Data from the weight sensor, liquid flow sensors, dhw flow sensor and rotor speed sensor via electrical conductors is sent to the driller’s console (or any other system for collecting and processing sensor signals with a personal computer or remote display). After the well is opened for inflow, the weight sensor readings are incremented, by which the filling of the internal volume of the pipes with the product coming from the formation is monitored and, together with the readings of the DHW flow sensor, the time allotted for the open formation testing period is corrected, if necessary.

Further, in the process of working on the totality of the parameters of all these sensors, the driller’s console monitors the process of the formation test mode. In this case, directly during the IPT, the flow rate of the additional fluid coming from the formation is calculated, which is determined by the formula:

$$Q=\frac{\Delta P}{\rho \ast \Delta T}$$

where Q is the flow rate, is the weight gain at the sensor over the time ΔТ, ρ is the fluid density previously calculated from other geophysical studies.

This shows that the accuracy of determining the flow rate of the liquid entering the pipes during the IPT process depends only on the resolution of the used weight sensor (in this connection, more sensitive weight sensors should be installed for objects with low flow rates).

Thus, by changing the parameter of the weight sensor located in the area between the tackle block and the upper pipe of the test assembly, in conjunction with the readings of the fluid flow sensors, one can judge the intensity of reservoir manifestations and make timely adjustments to the time allotted for the open test period - reduce the time of the open period tests with large flow rates of the well, or increase the time of the open test period with small flow rates of the well.

In this case, in the absence of changes in the readings of the weight sensor, i.e., by Q = 0, it can be judged on the presence of low-permeability reservoirs in the reservoir study interval, indirectly confirmed by the absence or very weak air exit from the pipes, recorded by the air-gas mixture flow sensor.

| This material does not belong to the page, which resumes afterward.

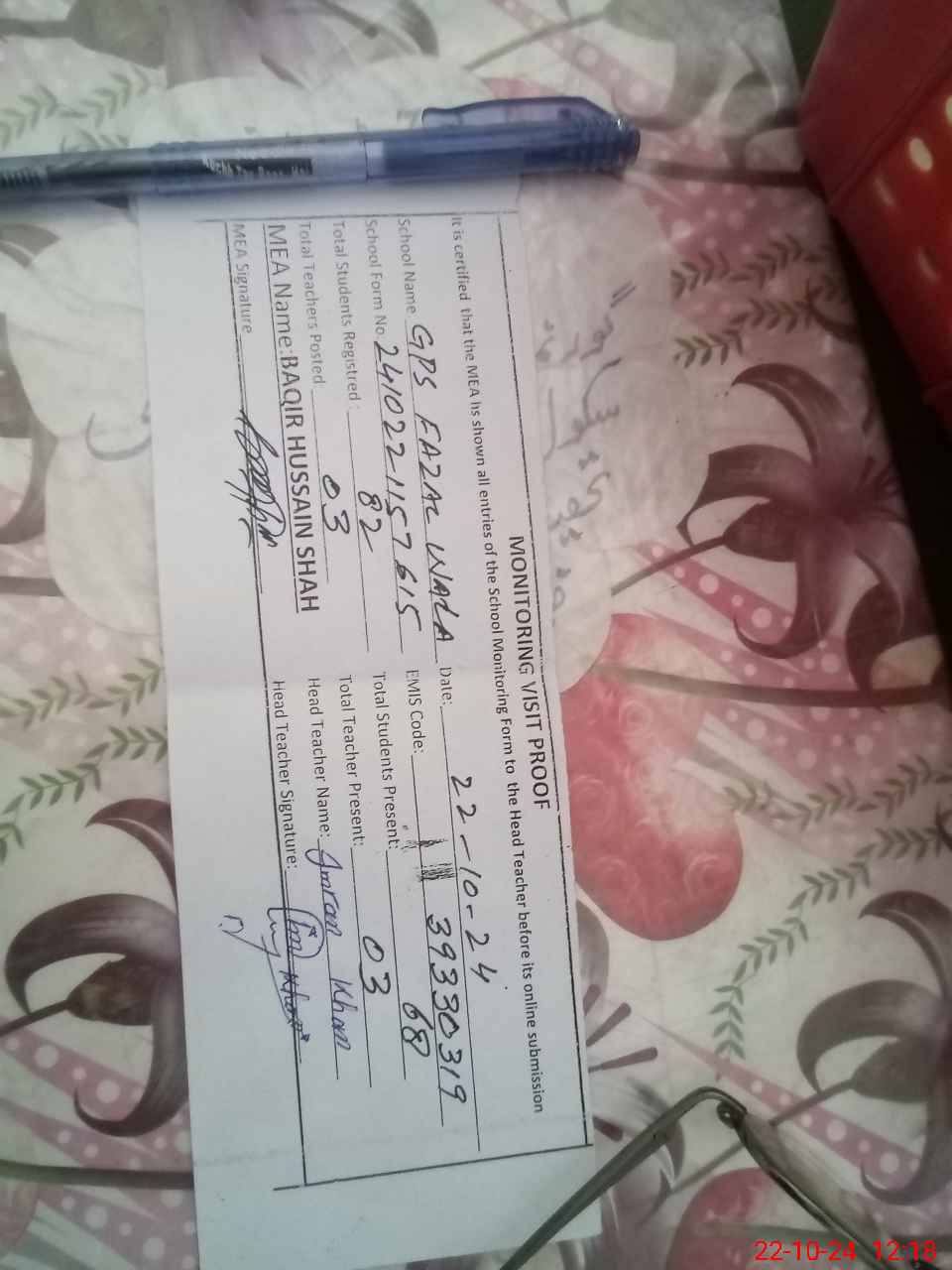 | EMIS Code: 39330319 | Name of School: GPS FAZIL WALA | |||

And by comparing the readings of the flow rate indicator of the washing liquid before and after the opening of the shut-off valve in the absence of their changes, one can judge the tightness of the layout of the test equipment and the packer.

Creating successive periods for the influx of reservoir fluid and the restoration of pressure in the pipes by means of a shut-off-rotary valve, the program for conducting reservoir research is carried out.

Claims (1)

A method for monitoring technological parameters during the testing of reservoir formations, including the use of a weight sensor, flow rate sensors for flushing fluid and an air-gas mixture flow sensor located at the drilling site for technological control of the formation testing process, characterized in that a weight sensor is placed before the formation testing process in the area between the tackle block (or elevator) and the upper pipe of the test assembly - directly on the drill hook or swivel, and the rotation speed sensor ora is mounted on top of the test tube arrangement, by total weight sensor readings change, the flushing fluid flow sensors and sensor-gas mixture is carried out keeping flow rate entering the tube formation fluid, control the wellbore integrity and correcting the open seam test period.